Records shown Start Marker
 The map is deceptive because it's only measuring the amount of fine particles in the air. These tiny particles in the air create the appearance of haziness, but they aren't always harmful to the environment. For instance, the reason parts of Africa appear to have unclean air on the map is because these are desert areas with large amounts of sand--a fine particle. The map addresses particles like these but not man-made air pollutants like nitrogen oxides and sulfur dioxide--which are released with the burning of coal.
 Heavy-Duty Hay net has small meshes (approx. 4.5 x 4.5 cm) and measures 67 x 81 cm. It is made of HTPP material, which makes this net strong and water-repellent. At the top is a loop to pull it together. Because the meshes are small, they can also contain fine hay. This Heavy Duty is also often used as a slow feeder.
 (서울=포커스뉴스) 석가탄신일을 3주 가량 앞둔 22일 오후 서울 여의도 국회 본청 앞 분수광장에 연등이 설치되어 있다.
Records shown End Marker
Records shown Start Marker
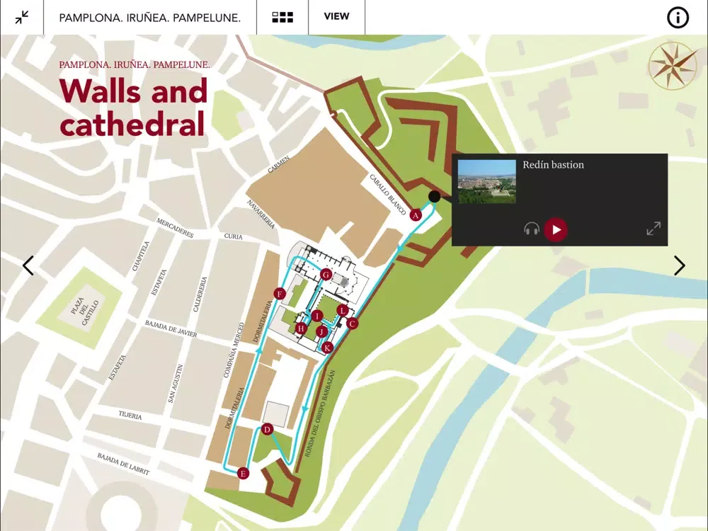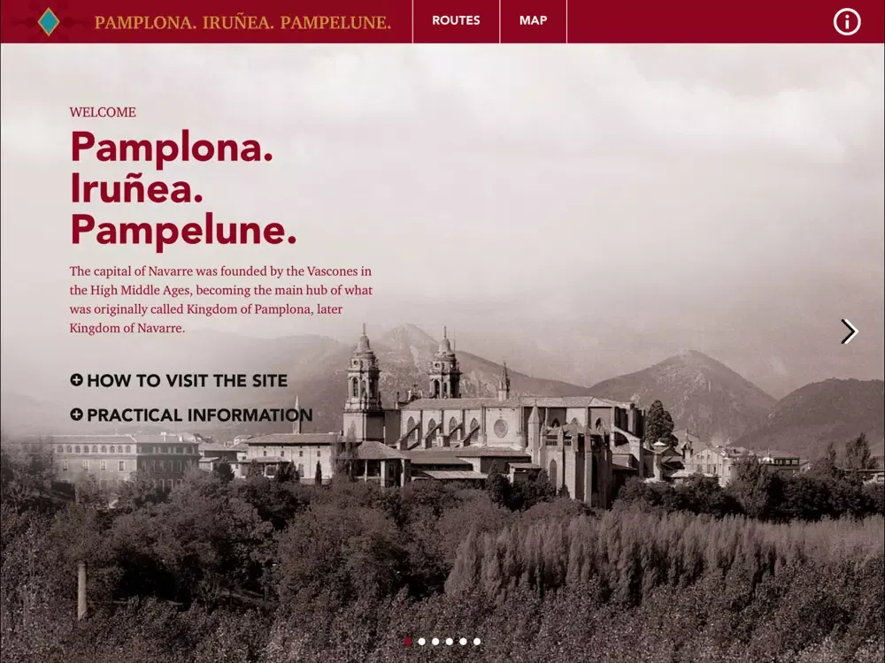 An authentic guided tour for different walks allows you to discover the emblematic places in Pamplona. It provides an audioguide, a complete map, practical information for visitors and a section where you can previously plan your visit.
Records shown End Marker
[How to complete this task]:
Repeat, word for word, the lines above between the line holding "Heavy-Duty Hay net" and the line holding "(서울=포커스뉴스) 석가탄신일을 3주", inclusive; omit everything else.

[Result for this task]:
 Heavy-Duty Hay net has small meshes (approx. 4.5 x 4.5 cm) and measures 67 x 81 cm. It is made of HTPP material, which makes this net strong and water-repellent. At the top is a loop to pull it together. Because the meshes are small, they can also contain fine hay. This Heavy Duty is also often used as a slow feeder.
 (서울=포커스뉴스) 석가탄신일을 3주 가량 앞둔 22일 오후 서울 여의도 국회 본청 앞 분수광장에 연등이 설치되어 있다.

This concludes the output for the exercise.